Exercise description ::
Nothing but the lines from the one including "被称为中国古代百科全书(古代百科全书)" through the last line of the entries, restated exactly, should appear in the answer; omit the pictures.

Material provided ::

>>>

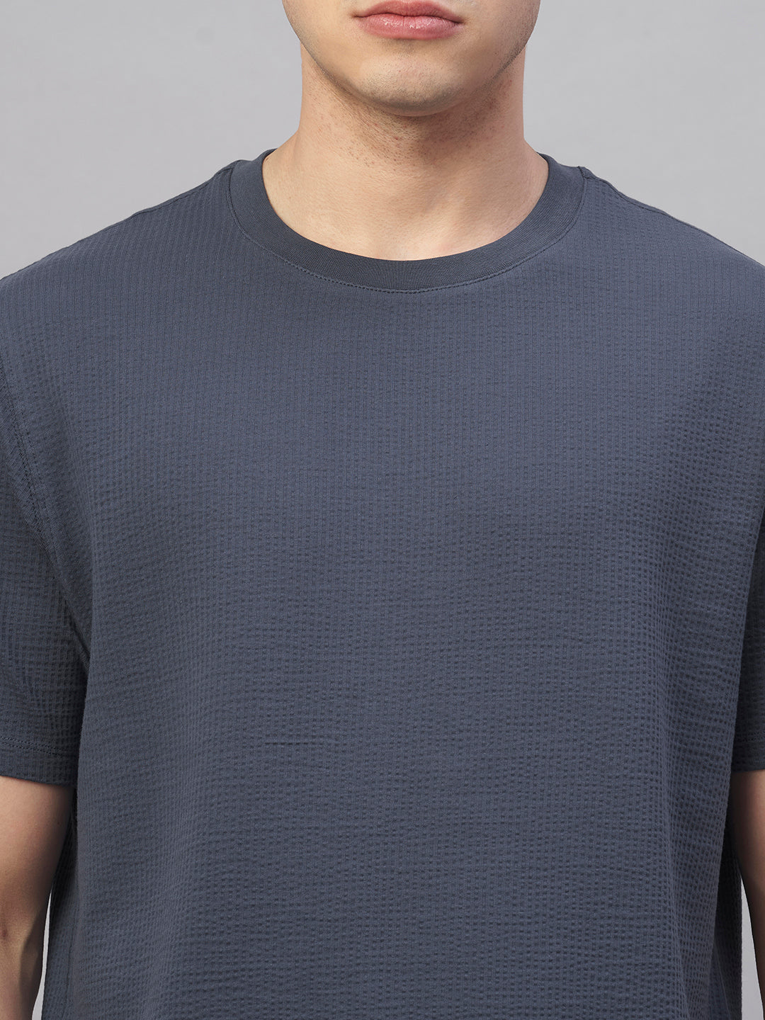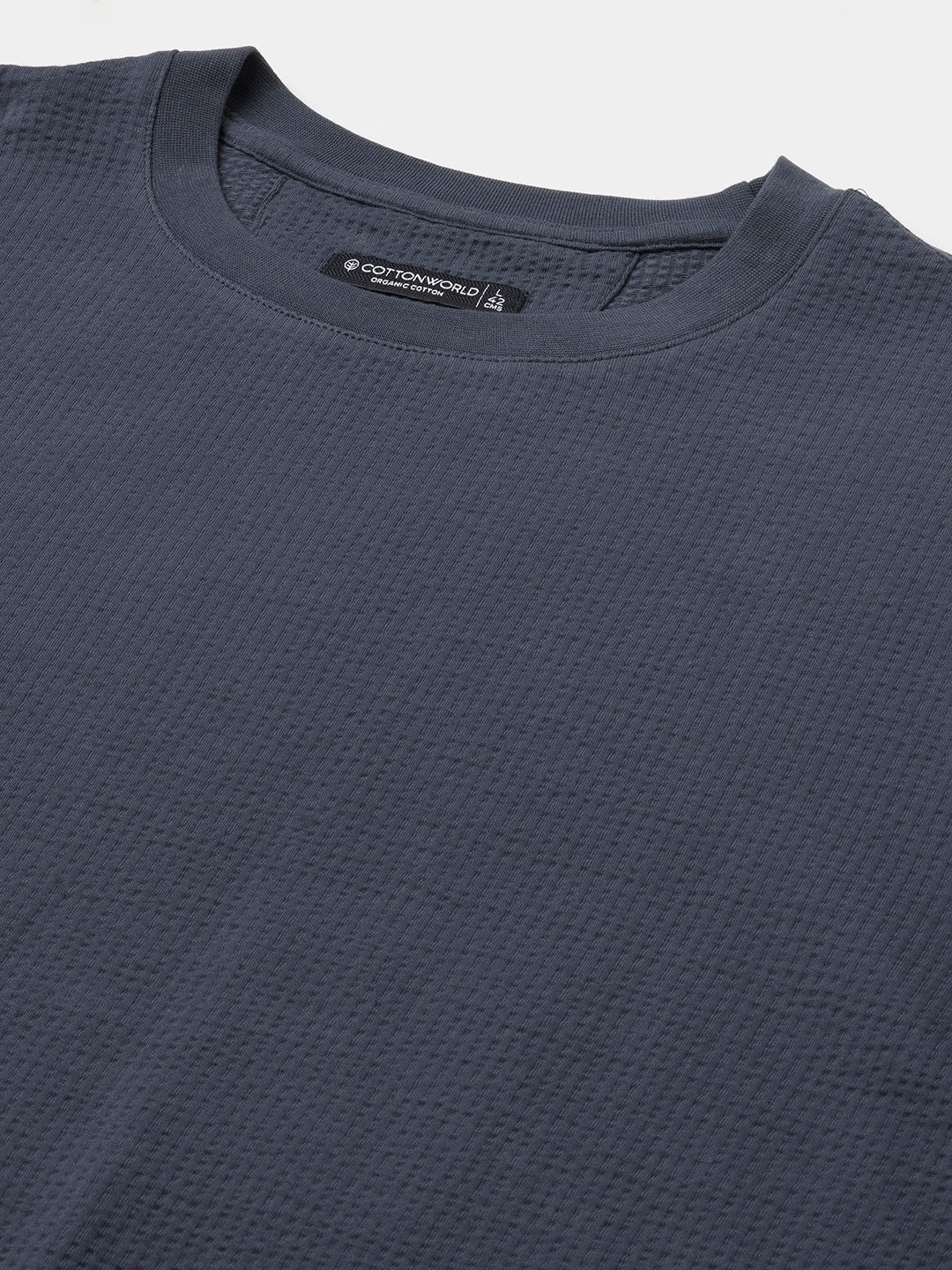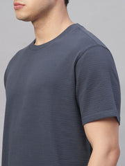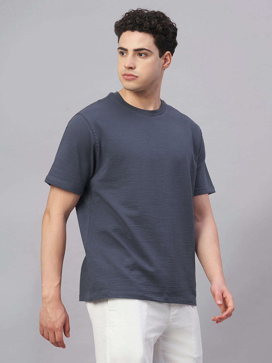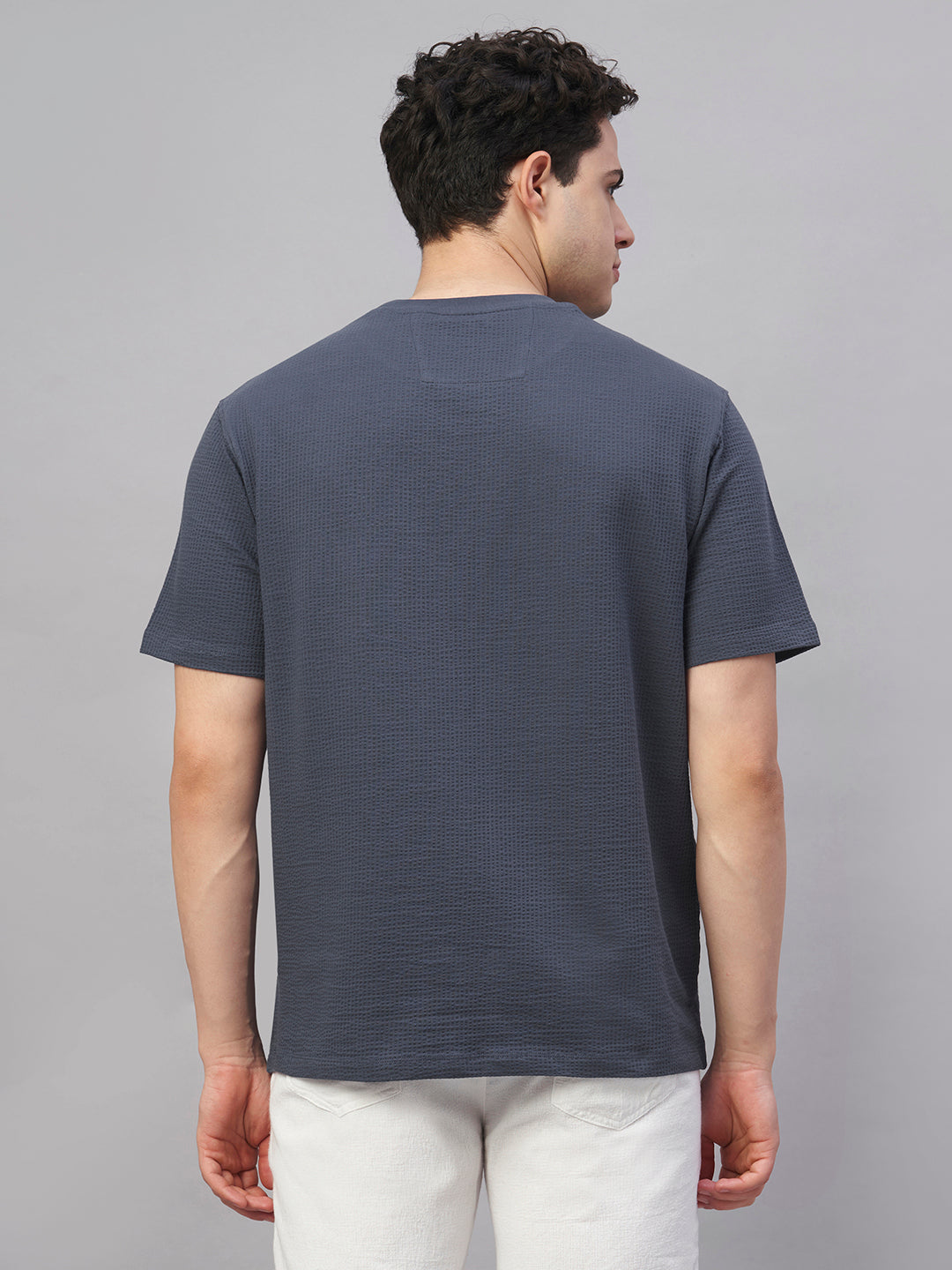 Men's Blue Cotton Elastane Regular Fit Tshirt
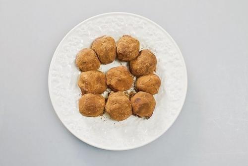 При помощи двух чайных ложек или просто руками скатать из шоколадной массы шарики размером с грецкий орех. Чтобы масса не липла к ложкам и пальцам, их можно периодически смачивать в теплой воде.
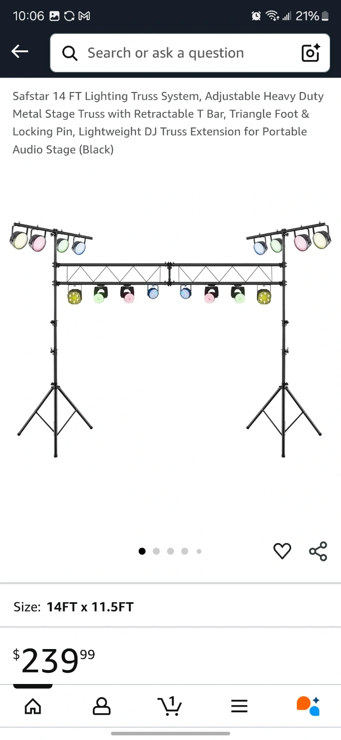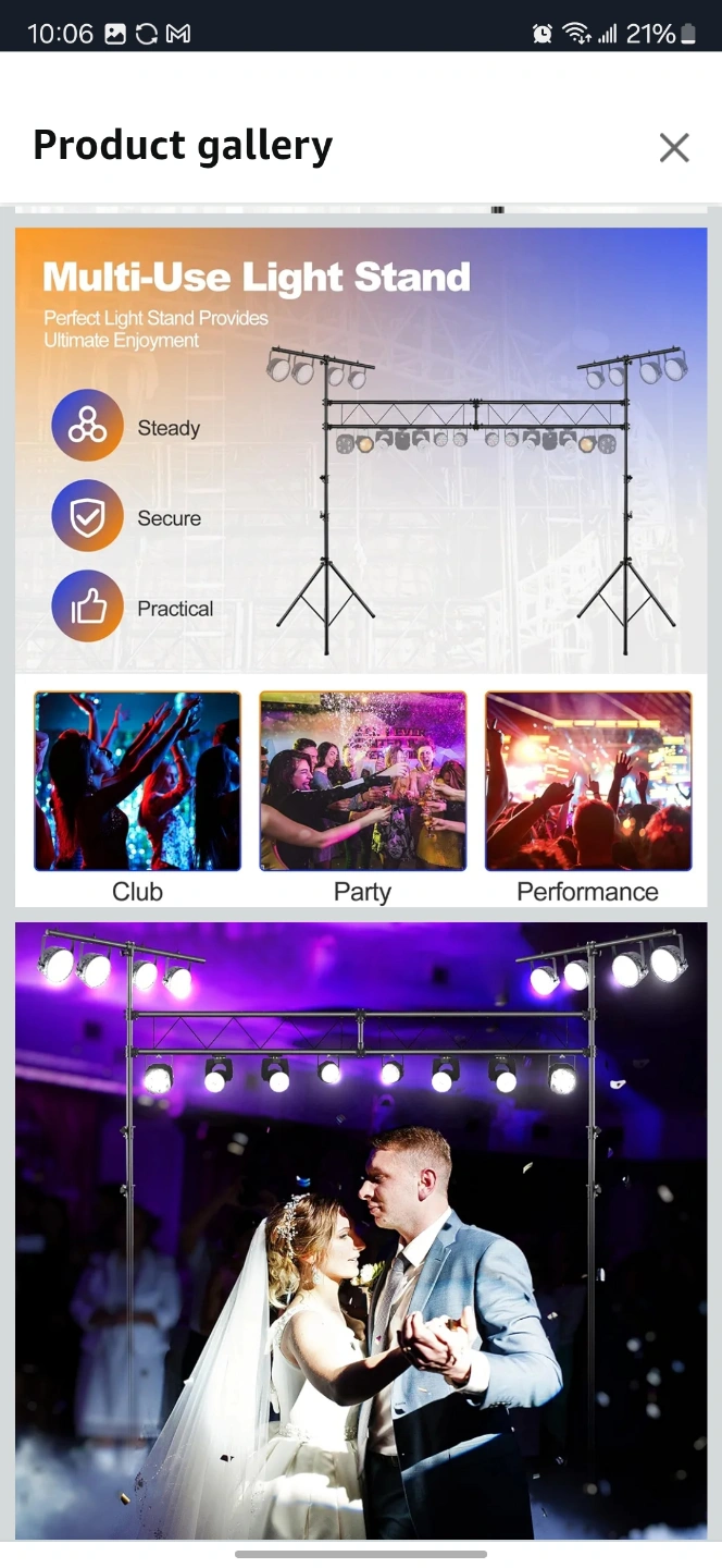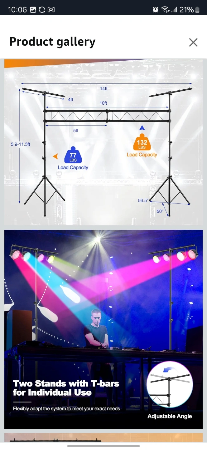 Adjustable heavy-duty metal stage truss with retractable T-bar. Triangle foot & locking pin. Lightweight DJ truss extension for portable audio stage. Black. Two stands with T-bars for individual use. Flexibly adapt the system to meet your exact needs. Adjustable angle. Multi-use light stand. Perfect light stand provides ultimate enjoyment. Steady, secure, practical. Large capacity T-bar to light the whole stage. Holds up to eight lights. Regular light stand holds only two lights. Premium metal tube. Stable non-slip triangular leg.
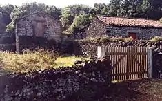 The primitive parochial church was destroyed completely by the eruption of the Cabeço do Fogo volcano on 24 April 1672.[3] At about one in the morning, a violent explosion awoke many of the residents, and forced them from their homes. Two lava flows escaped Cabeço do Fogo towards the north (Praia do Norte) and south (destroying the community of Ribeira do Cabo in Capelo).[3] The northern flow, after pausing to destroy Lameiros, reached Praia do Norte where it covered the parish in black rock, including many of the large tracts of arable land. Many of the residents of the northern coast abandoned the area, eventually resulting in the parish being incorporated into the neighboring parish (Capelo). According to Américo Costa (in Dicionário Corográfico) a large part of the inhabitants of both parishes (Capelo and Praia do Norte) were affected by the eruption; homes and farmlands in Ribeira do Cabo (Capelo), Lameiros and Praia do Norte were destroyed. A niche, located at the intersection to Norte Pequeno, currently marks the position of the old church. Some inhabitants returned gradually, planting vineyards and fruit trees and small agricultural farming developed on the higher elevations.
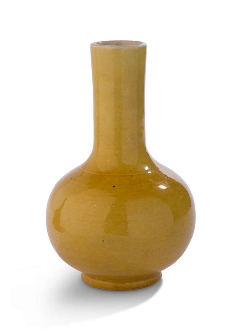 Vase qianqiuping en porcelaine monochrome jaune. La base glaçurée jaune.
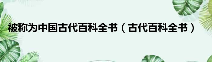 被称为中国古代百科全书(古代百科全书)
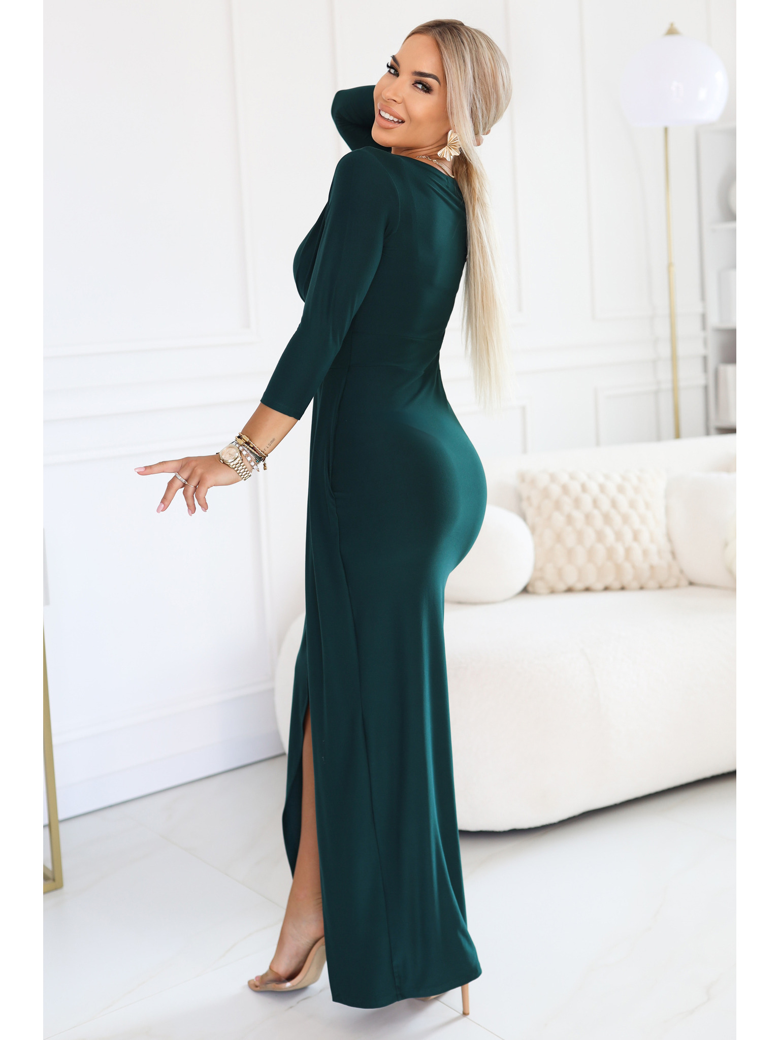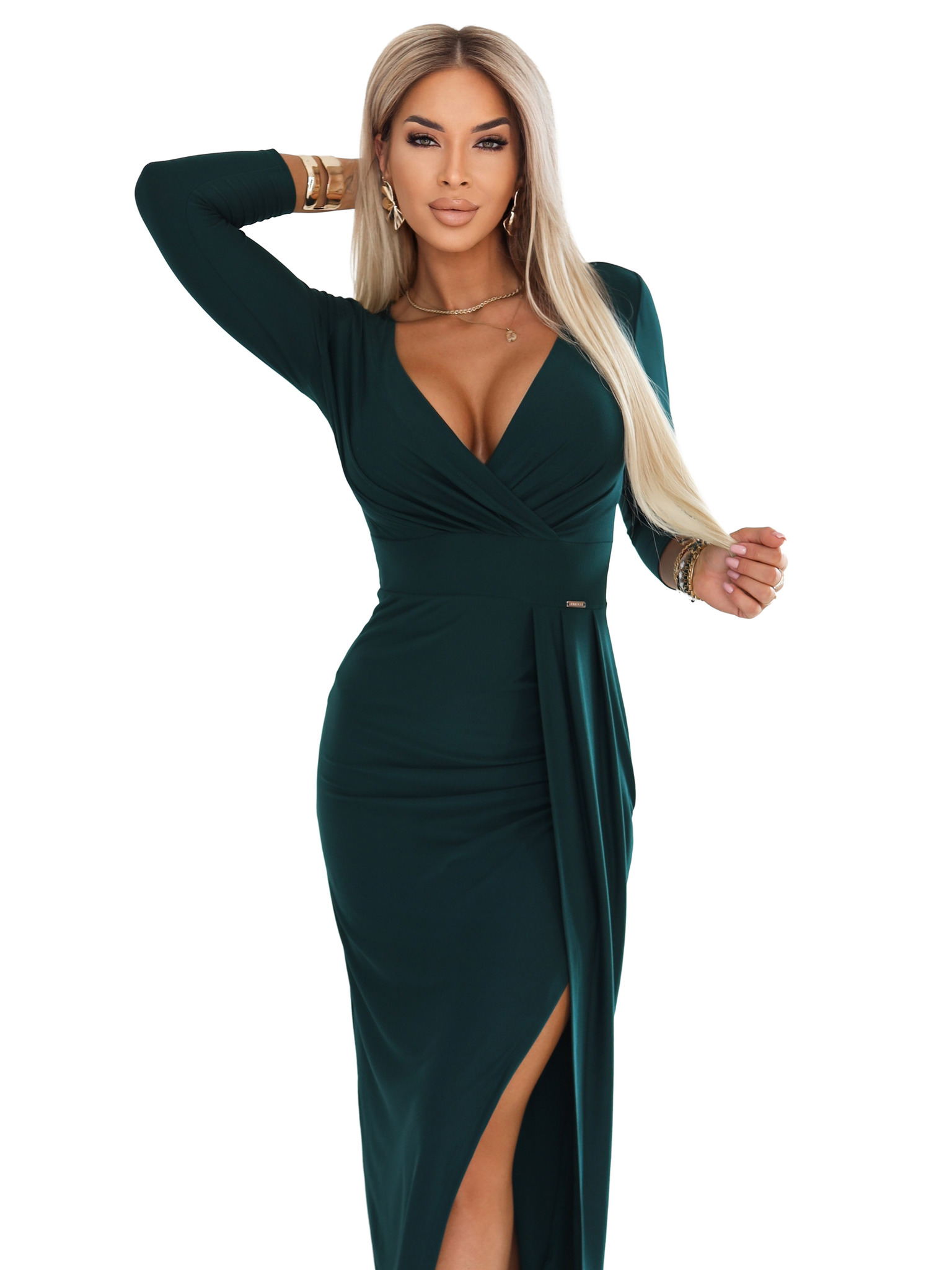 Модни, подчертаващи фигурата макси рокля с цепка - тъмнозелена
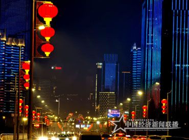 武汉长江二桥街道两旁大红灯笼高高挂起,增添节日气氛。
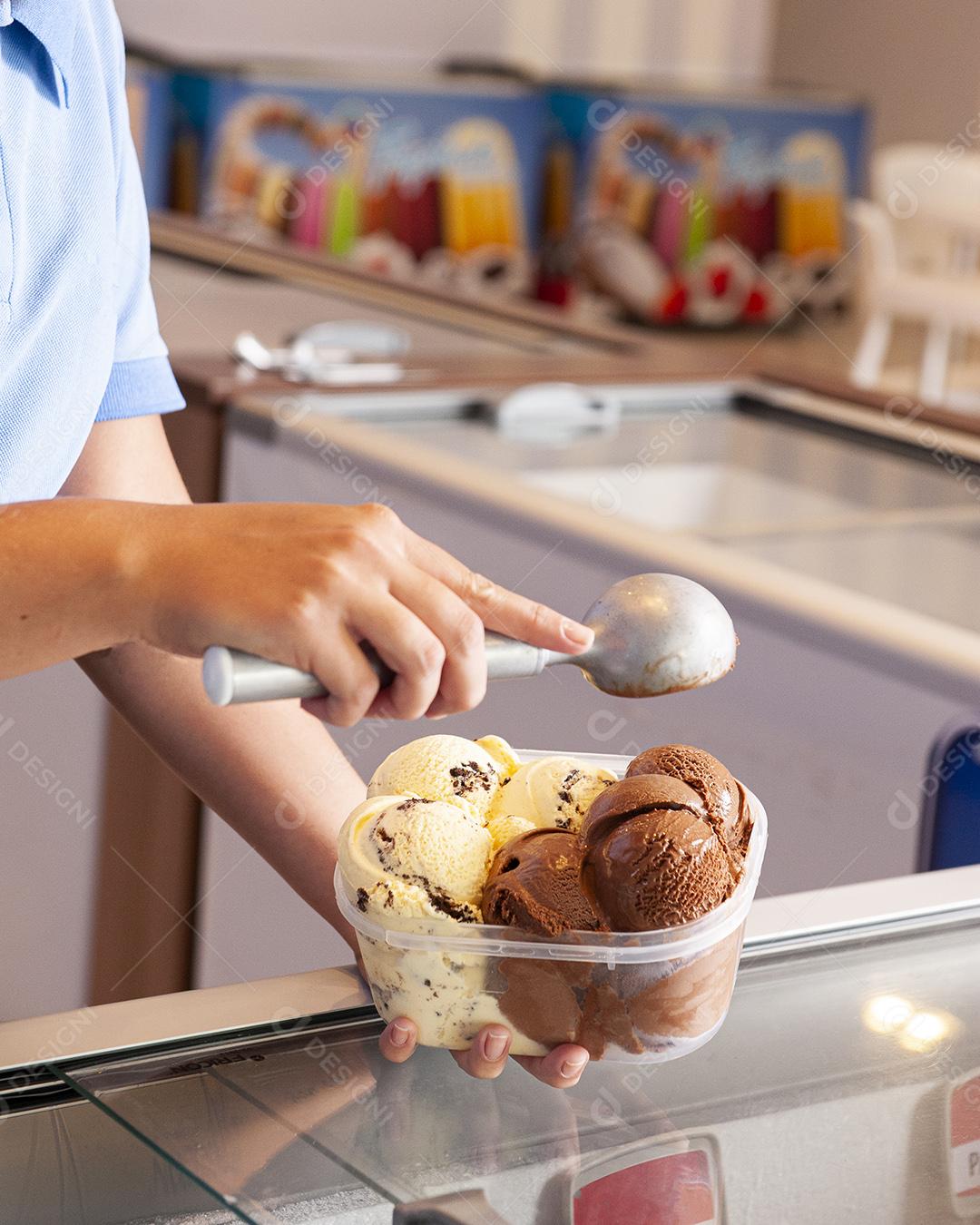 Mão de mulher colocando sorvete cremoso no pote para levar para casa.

<<<

Response box ::
 被称为中国古代百科全书(古代百科全书)
 Модни, подчертаващи фигурата макси рокля с цепка - тъмнозелена
 武汉长江二桥街道两旁大红灯笼高高挂起,增添节日气氛。
 Mão de mulher colocando sorvete cremoso no pote para levar para casa.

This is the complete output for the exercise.